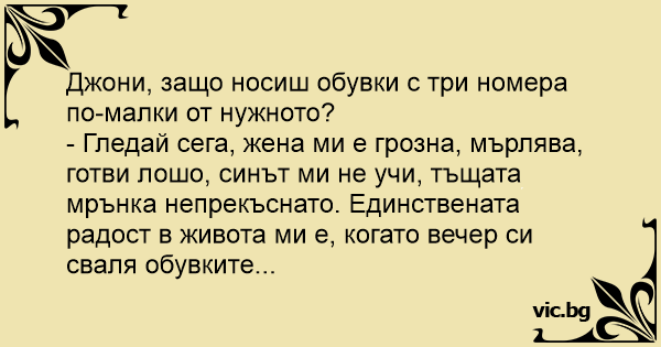 - Гледай сега, жена ми е грозна, мърлява, готви лошо, синът ми не учи, тъщата мрънка непрекъснато. Единствената радост в живота ми е, когато вечер си сваля обувките...
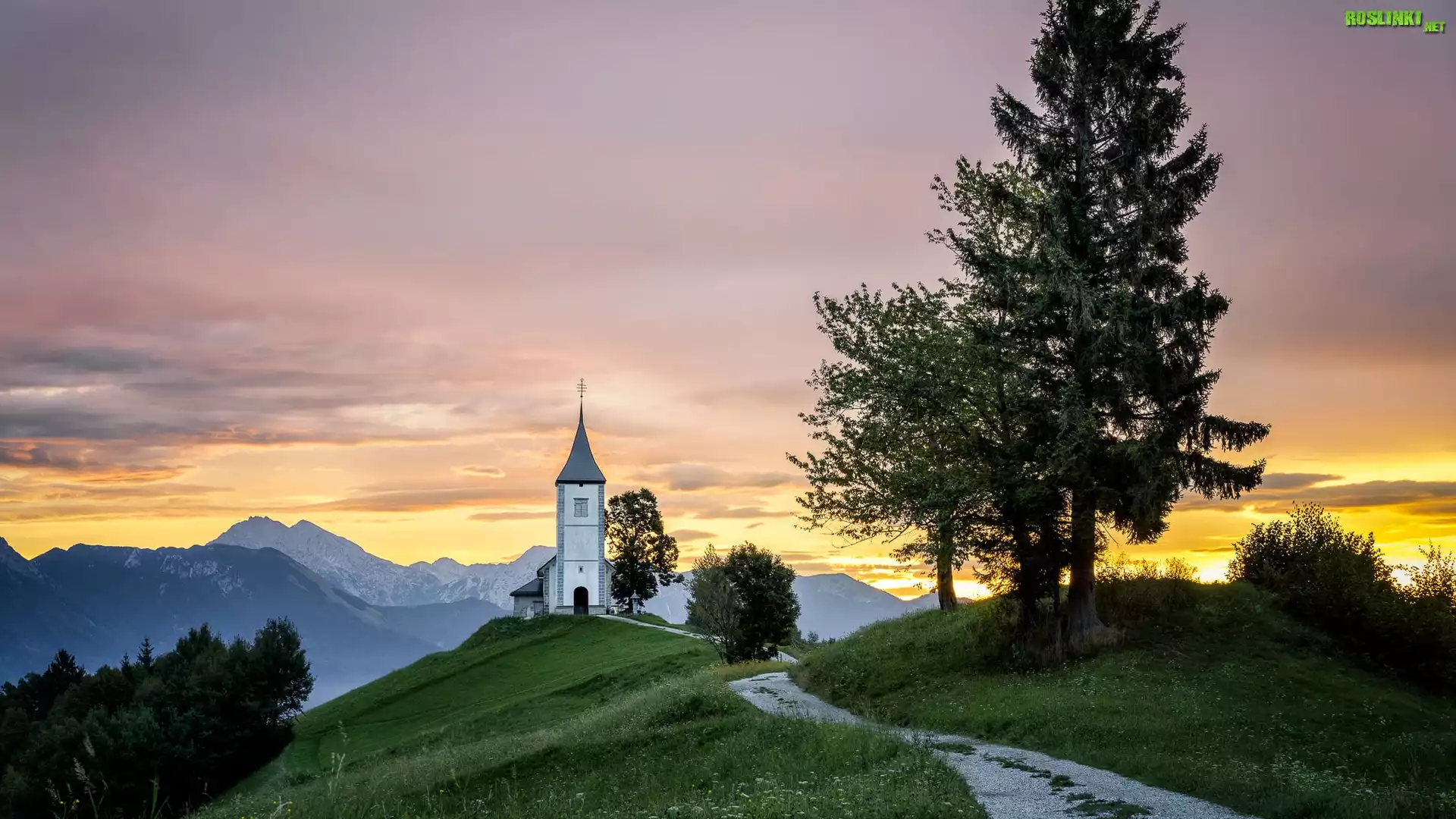 Słowenia, Wieś, Begunje na Gorenjskem, Góry, Wzgórze, Kościół św Piotra, Droga, Drzewa, Wschód słońca |
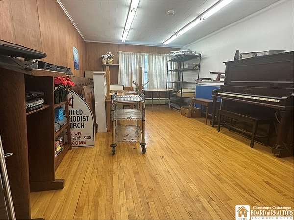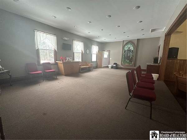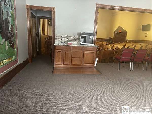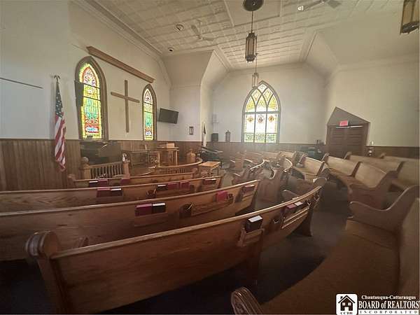 This stunning 9,816 sq ft church, located in Steuben County, offers a rare opportunity for a variety of uses. The property spans two floors, with an elevator providing easy access to both levels. The church features impressive cathedral ceilings and beautiful stained glass windows, creating a serene and inspiring atmosphere. The basement is equipped with a full commercial kitchen, perfect for large gatherings, events, or community meals. The property also includes multiple office and classroom spaces, offering flexibility for administration, meetings, or educational purposes. With its gorgeous finish work, well-maintained interior, and spacious layout, this church is ready for immediate use or conversion to suit your needs. This property has immense potential, making it a must-see for anyone seeking a unique, versatile experience.
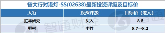 五、各大行对港灯-SS(02638)最新投资评级及目标价
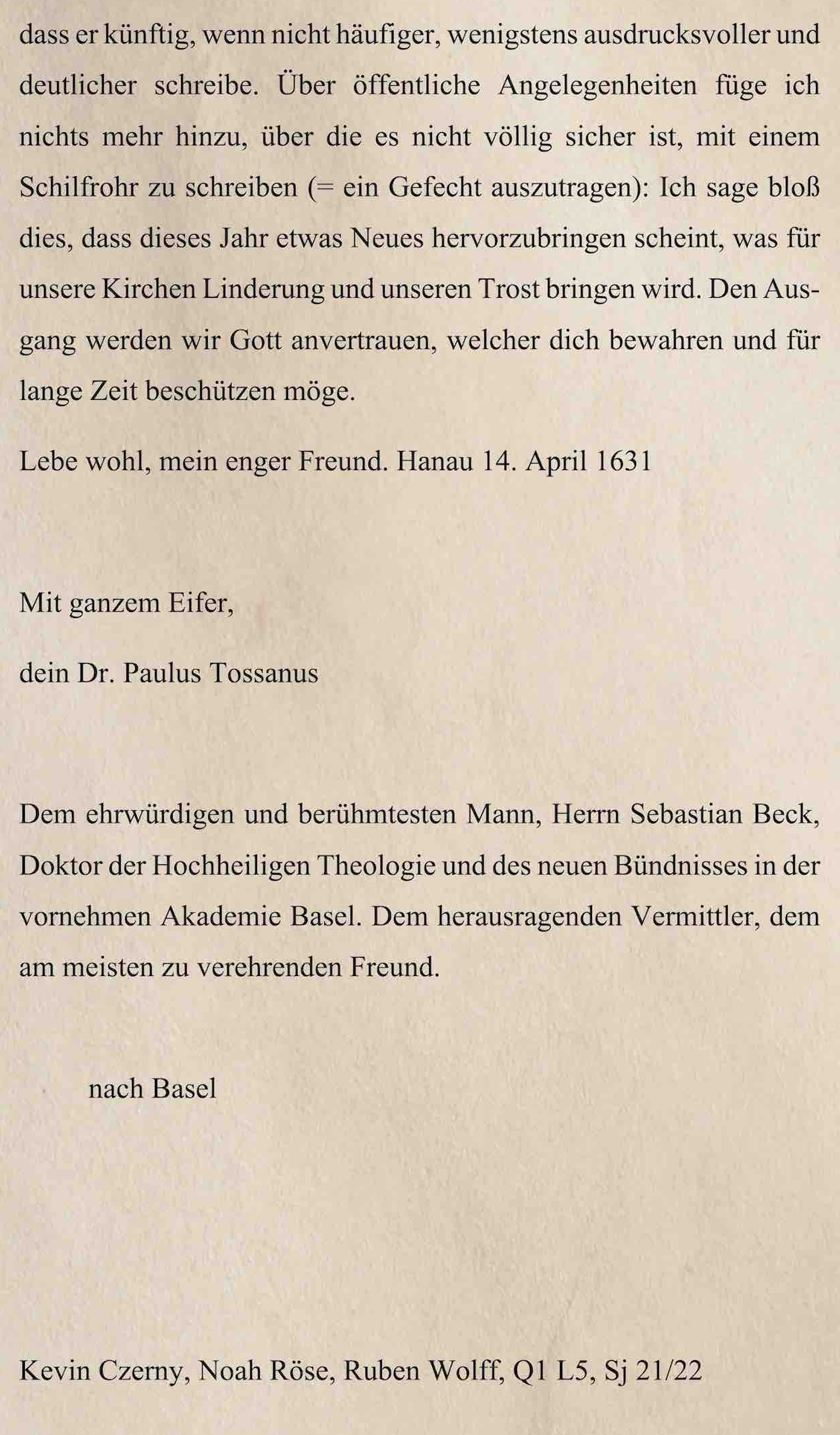 Dies ist meine Analyse eines historischen Briefes, den Dr. Paul Tossanus, ein Lehrer der Hohen Landesschule Hanau, am 14. April 1631 an seinen Freund Dr. Sebastian Beck, einen Doktor der Theologie an der Akademie in Basel, geschrieben hat.
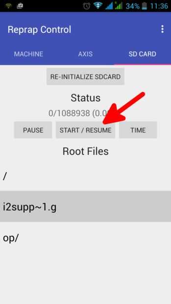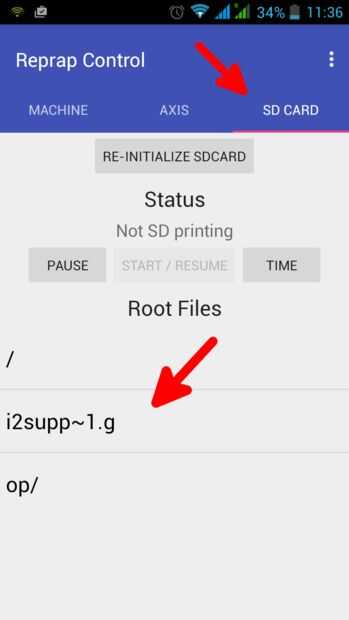 Seleccione el archivo de gcode para imprimir (aquí i2supp~1.g).
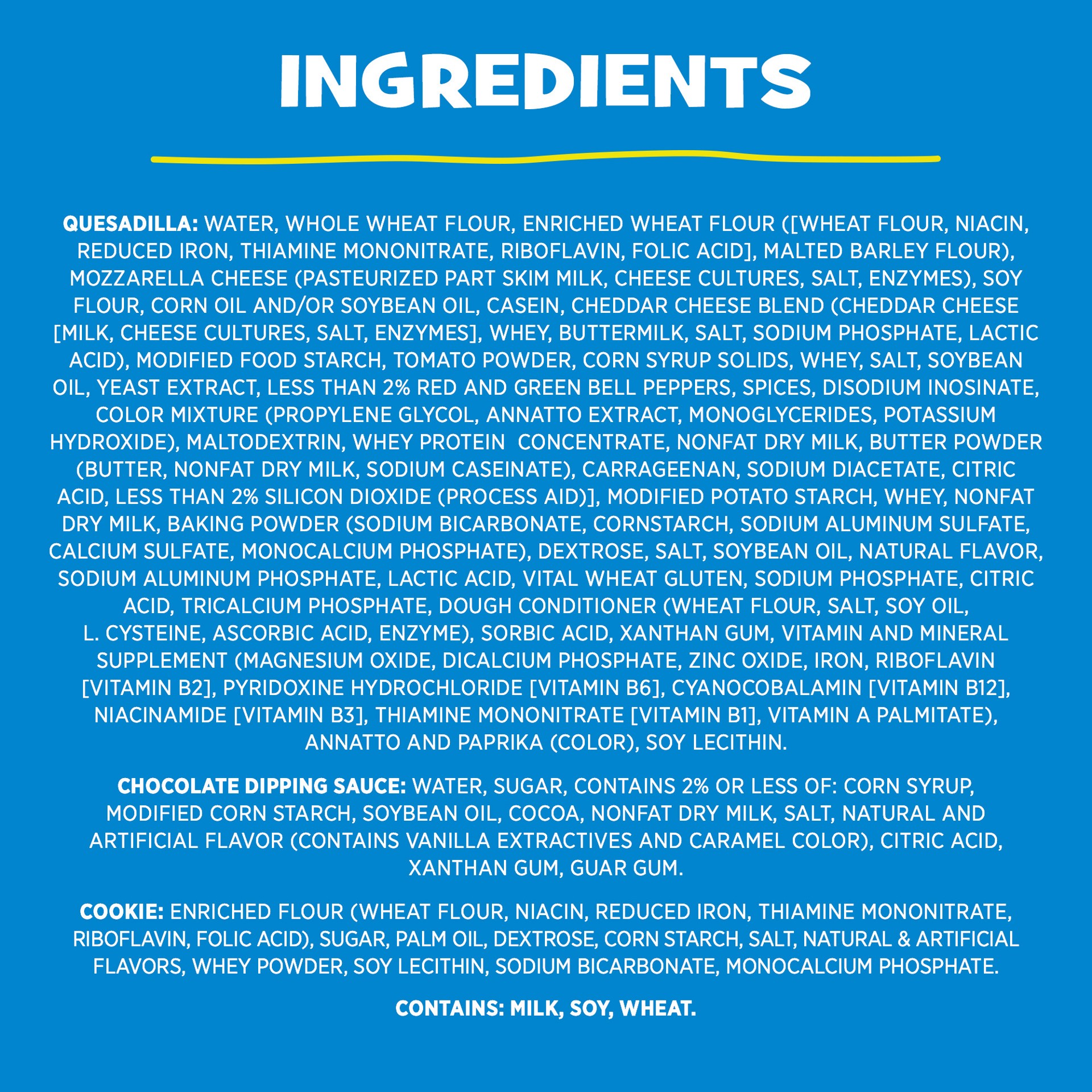Quiesadilla: Water, Whole Wheat Flour, Enriched Wheat Flour ([Wheat Flour, Niacin, Reduced Iron, Thiamine Mononitrate, Riboflavin, Folic Acid], Malted Barley Flour), Mozzarella Cheese (Pasteurized Par…
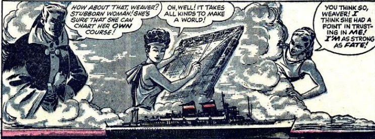 Comments: Unlike other horror hosts, the Weaver influences events in her stories, acting unnoticed to push events down her preordained path. The Man in Black, Venus and the Weaver, fellow storytellers / deciders of people's destinies, also interact with one another, colleagues in shaping people's lives with an occasional hint of rivalry between them.
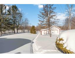 Welcome to 1705 Old Montreal Road! This solid brick bungalow is perfectly situated just minutes from Orléans and nestled on a picturesque 2.5-acre lot, offering the ideal blend of convenience and country living. Step inside to a bright and inviting main level featuring a spacious eat-in kitchen and a sun-filled living room with oversized windows that capture beautiful southern exposure. A charming gas fireplace with a brick façade creates a warm and welcoming focal point. Three generously sized bedrooms and a full main bathroom complete the main floor. The fully finished basement expands your living space with a 4th bedroom and a spacious recreation room featuring a wet bar, pool table, and a cozy wood-burning fireplace-perfect for entertaining or relaxing evenings at home. An additional bathroom adds extra convenience. Outside, the property is beautifully landscaped front and back, with a large deck overlooking the expansive yard. Bonus outbuildings provide incredible flexibility, while the oversized single-car attached garage and impressive commercial-style double bay garage make this property ideal for car enthusiasts, hobbyists, or home-based businesses. A rare opportunity to enjoy space,(garage is 40 x 40ft with 16 ft ceilings) functionality, and location all in one exceptional property. (id:61594)
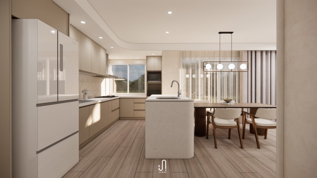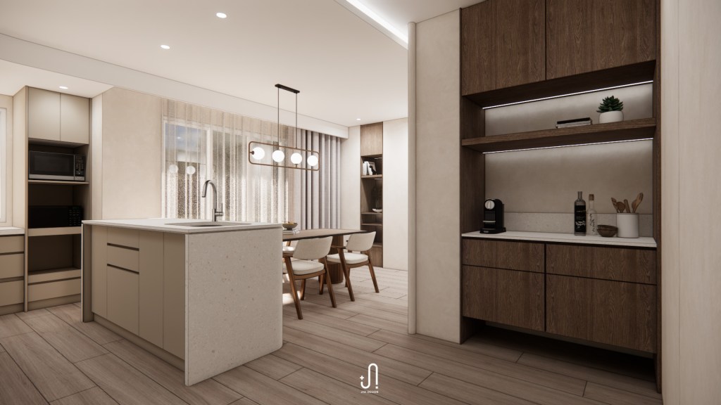我們以餐廚區為設計主軸,讓家的重心回到陪伴與交流,整合出一個自在、開放又充滿細節的核心空間:
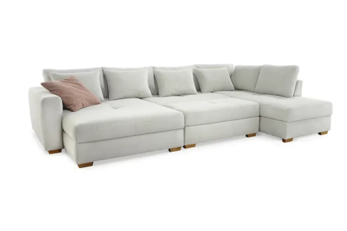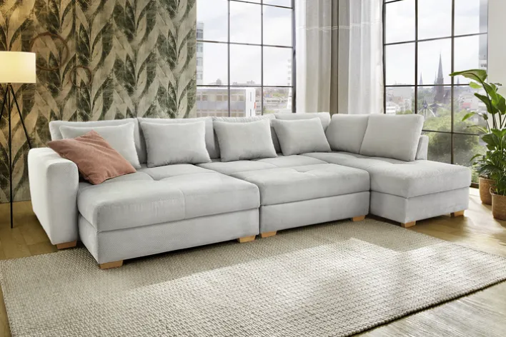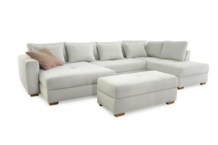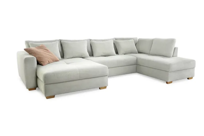 Für die nötige Gemütlichkeit sorgen bei der EVEN Wohnlandschaft unter anderem zehn Rückenkissen sowie die zwei verlängerten Ottomanen – wovon eine etwas schmaler als die andere geformt ist. Die Standfüße aus hellem, warmem Holz sorgen für eine optische Note, die typisch für den skandinavischen Stil ist. Der Waffelcordbezug besitzt eine lebhafte Struktur und ist zudem ausgesprochen robust.
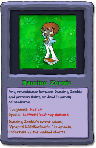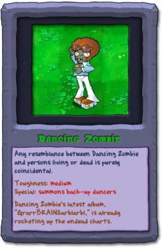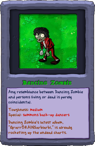 In the original release of Plants vs. Zombies, the Dancing Zombie enemy was based on Michael Jackson from the “Thriller” music video. Jackson’s estate complained, and so it was changed to a more generic looking disco zombie.
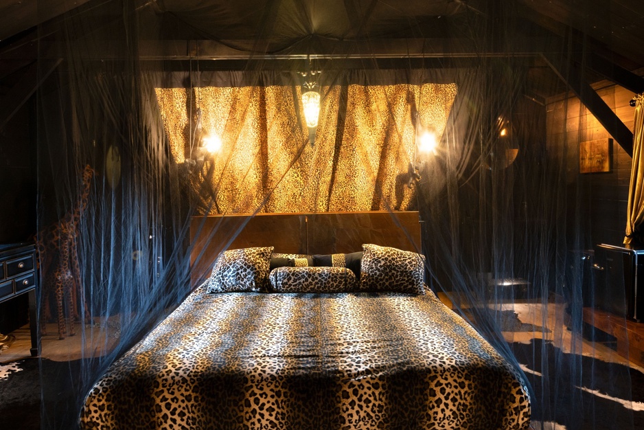 The lodge's mysteriously dark interior is filled with wild animal motifs.
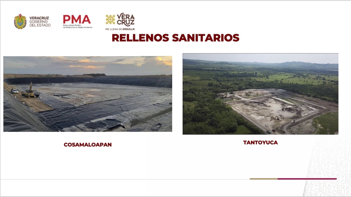 Subrayó que está por abrir el sitio de Cosamaloapan y, para dimensionar la importancia de las obras, explicó que la celda más pequeña mide una hectárea, llegando a cuatro, con una altura mínima de 15 y hasta 40 metros los montones de residuos confinados.

- _Brief_
Output the material above exactly as written and drop any images it holds.

- _Your response_
 - Гледай сега, жена ми е грозна, мърлява, готви лошо, синът ми не учи, тъщата мрънка непрекъснато. Единствената радост в живота ми е, когато вечер си сваля обувките...
 Słowenia, Wieś, Begunje na Gorenjskem, Góry, Wzgórze, Kościół św Piotra, Droga, Drzewa, Wschód słońca |
 This stunning 9,816 sq ft church, located in Steuben County, offers a rare opportunity for a variety of uses. The property spans two floors, with an elevator providing easy access to both levels. The church features impressive cathedral ceilings and beautiful stained glass windows, creating a serene and inspiring atmosphere. The basement is equipped with a full commercial kitchen, perfect for large gatherings, events, or community meals. The property also includes multiple office and classroom spaces, offering flexibility for administration, meetings, or educational purposes. With its gorgeous finish work, well-maintained interior, and spacious layout, this church is ready for immediate use or conversion to suit your needs. This property has immense potential, making it a must-see for anyone seeking a unique, versatile experience.
 五、各大行对港灯-SS(02638)最新投资评级及目标价
 Dies ist meine Analyse eines historischen Briefes, den Dr. Paul Tossanus, ein Lehrer der Hohen Landesschule Hanau, am 14. April 1631 an seinen Freund Dr. Sebastian Beck, einen Doktor der Theologie an der Akademie in Basel, geschrieben hat.
 Seleccione el archivo de gcode para imprimir (aquí i2supp~1.g).
Quiesadilla: Water, Whole Wheat Flour, Enriched Wheat Flour ([Wheat Flour, Niacin, Reduced Iron, Thiamine Mononitrate, Riboflavin, Folic Acid], Malted Barley Flour), Mozzarella Cheese (Pasteurized Par…
 Comments: Unlike other horror hosts, the Weaver influences events in her stories, acting unnoticed to push events down her preordained path. The Man in Black, Venus and the Weaver, fellow storytellers / deciders of people's destinies, also interact with one another, colleagues in shaping people's lives with an occasional hint of rivalry between them.
 Welcome to 1705 Old Montreal Road! This solid brick bungalow is perfectly situated just minutes from Orléans and nestled on a picturesque 2.5-acre lot, offering the ideal blend of convenience and country living. Step inside to a bright and inviting main level featuring a spacious eat-in kitchen and a sun-filled living room with oversized windows that capture beautiful southern exposure. A charming gas fireplace with a brick façade creates a warm and welcoming focal point. Three generously sized bedrooms and a full main bathroom complete the main floor. The fully finished basement expands your living space with a 4th bedroom and a spacious recreation room featuring a wet bar, pool table, and a cozy wood-burning fireplace-perfect for entertaining or relaxing evenings at home. An additional bathroom adds extra convenience. Outside, the property is beautifully landscaped front and back, with a large deck overlooking the expansive yard. Bonus outbuildings provide incredible flexibility, while the oversized single-car attached garage and impressive commercial-style double bay garage make this property ideal for car enthusiasts, hobbyists, or home-based businesses. A rare opportunity to enjoy space,(garage is 40 x 40ft with 16 ft ceilings) functionality, and location all in one exceptional property. (id:61594)
我們以餐廚區為設計主軸,讓家的重心回到陪伴與交流,整合出一個自在、開放又充滿細節的核心空間:
 Für die nötige Gemütlichkeit sorgen bei der EVEN Wohnlandschaft unter anderem zehn Rückenkissen sowie die zwei verlängerten Ottomanen – wovon eine etwas schmaler als die andere geformt ist. Die Standfüße aus hellem, warmem Holz sorgen für eine optische Note, die typisch für den skandinavischen Stil ist. Der Waffelcordbezug besitzt eine lebhafte Struktur und ist zudem ausgesprochen robust.
 In the original release of Plants vs. Zombies, the Dancing Zombie enemy was based on Michael Jackson from the “Thriller” music video. Jackson’s estate complained, and so it was changed to a more generic looking disco zombie.
 The lodge's mysteriously dark interior is filled with wild animal motifs.
 Subrayó que está por abrir el sitio de Cosamaloapan y, para dimensionar la importancia de las obras, explicó que la celda más pequeña mide una hectárea, llegando a cuatro, con una altura mínima de 15 y hasta 40 metros los montones de residuos confinados.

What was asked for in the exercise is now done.